Background

Orthokeratinized odontogenic cyst (OOC) is a rare intraosseous cyst characterized by an orthokeratinized epithelial lining and minimal clinical aggressiveness [1]. OOCs were first described in 1927 by Schultz [2] as a variant of odontogenic keratocysts, now known as keratocystic odontogenic tumours (KCOTs) [3]. It was not until 1981 that Wright [4] described their clinicopathological aspects, indicating that OOCs are a distinct entity from odontogenic keratocysts. Several series of OOCs have been reported, confirming that their distinctive clinical, histopathological and biological features differ substantially from those of odontogenic keratocysts, as well as demonstrating a better prognosis and lower recurrence rates [1, 5, 6].

Nonetheless, rare cases of bilateral [7], multiple [8] and recurrent [9] OOCs have been reported, and although OOCs are considered clinically to be minimally aggressive, both dysplastic and malignant transformation have been reported [10]. OOCs sometimes transform into an uncommon type of well-differentiated squamous carcinoma known as carcinoma cuniculatum [11].

Over the last two decades, keratinizing cysts from various sites have been evaluated to assess a possible role of human papillomavirus (HPV) in their development and malignant transformation [12]. Reports are also available on odontogenic keratocysts [13] as well as carcinoma cuniculatum [14], in which specific HPV subtypes have been detected.

In this study, we evaluated the clinicopathological profile of OOCs seen at our institution over the last 15 years and analysed the possible presence of HPV.

Methods

This study was approved by our institutional Ethics Committee for Biomedical Research (protocol no. 2013/0045). Files of the Department of Pathology at La Fe University Hospital (Valencia, Spain) from 2000 to 2015 were reviewed. A retrospective search of a pathological diagnosis database (Pat Win® v4.6.0), employing the search terms “keratocyst”, “primordial cyst”, “keratocystic odontogenic tumor”, “orthokeratinized odontogenic cyst”, and “keratinized cyst”, to reflect changes in terminology over time, identified 115 odontogenic cysts with keratinization.

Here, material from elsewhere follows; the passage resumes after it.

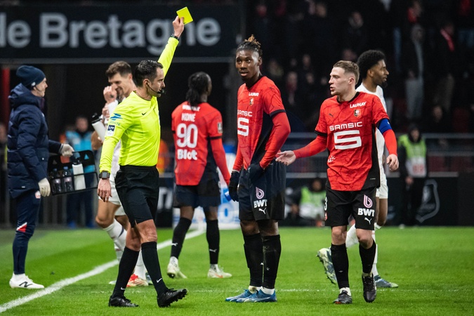 Romain Lissorgue (Arbitre Central) Christopher Wooh (Stade Rennais) Adrien Truffert (Stade Rennais) - Match de Ligue 1 McDonald's "Rennes - Lille (0-2)" au Roazhon Park, le 16 février 2025. Huit mois après son malaise cardio-respiratoire, le milieu de terrain Nabil Bentaleb, autorisé à jouer avec un défibrilateur, une première en Ligue 1, a ouvert le score pour son grand retour avec son équipe du LOSC. Ligue 1 McDonald's match "Rennes - Lille (0-2)" at Roazhon Park, February 16, 2025. Eight months after his cardio-respiratory malaise, midfielder Nabil Bentaleb, authorized to play with a defibrillator, a first in Ligue 1, opened the scoring for his big comeback with his LOSC team.

Histological and clinical revision

Following a histological review of these 115 cases, 16 cases of OOC were selected based on the morphological criteria established by Wright [4]. Lesions in which all or a predominant portion of the epithelial lining showed non-corrugated orthokeratinization, with the presence of a granular layer, were included in this series. The presence of this orthokeratinization on the epithelial surface as well as of a granular layer in the thickness of the epithelium was clearly demonstrated with PAS staining in all selected cases. Likewise, we also included lesions in which basal and parabasal cells were not prominent and did not palisade or polarize. Cystic lesions containing only focal OOC areas or various skin appendages (i.e. hair follicles and sebaceous and sweat glands) were excluded.

Clinical data, including age, sex, lesion location (maxilla or mandible) (anterior, premolar or molar regions), radiologic features, surgical procedures, and information on recurrence (including optical and immunohistochemical data obtained from the recurrent OOC samples), were reviewed.

Immunohistochemistry

Our immunohistochemical study, performed on recurrent OOC samples included the analysis of two well-known markers (p53 and Ki67), both of which are implicated in tumorigenesis and cell proliferation [6]. Briefly, 5-μm sections were cut from the original paraffin-embedded blocks and mounted on poly-L-lysine-coated glass slides prior to immunohistochemical staining, performed using monoclonal antibodies: mouse antihuman p53 (clone DO-7, dilution 1:50, Dako®, Glostrup, Denmark) and antihuman Ki67 (clone MIB-1, dilution 1:100, Dako®, Glostrup, Denmark). Immunostaining was visualized using the high-pH EnVision FLEX system (Dako®, Glostrup, Denmark); hematoxylin was used for counterstaining and for both techniques tonsil sections with oropharyngeal epithelium were employed as positive staining controls and the negative controls were mock-stained test sections (the primary antibody was replaced with PBS).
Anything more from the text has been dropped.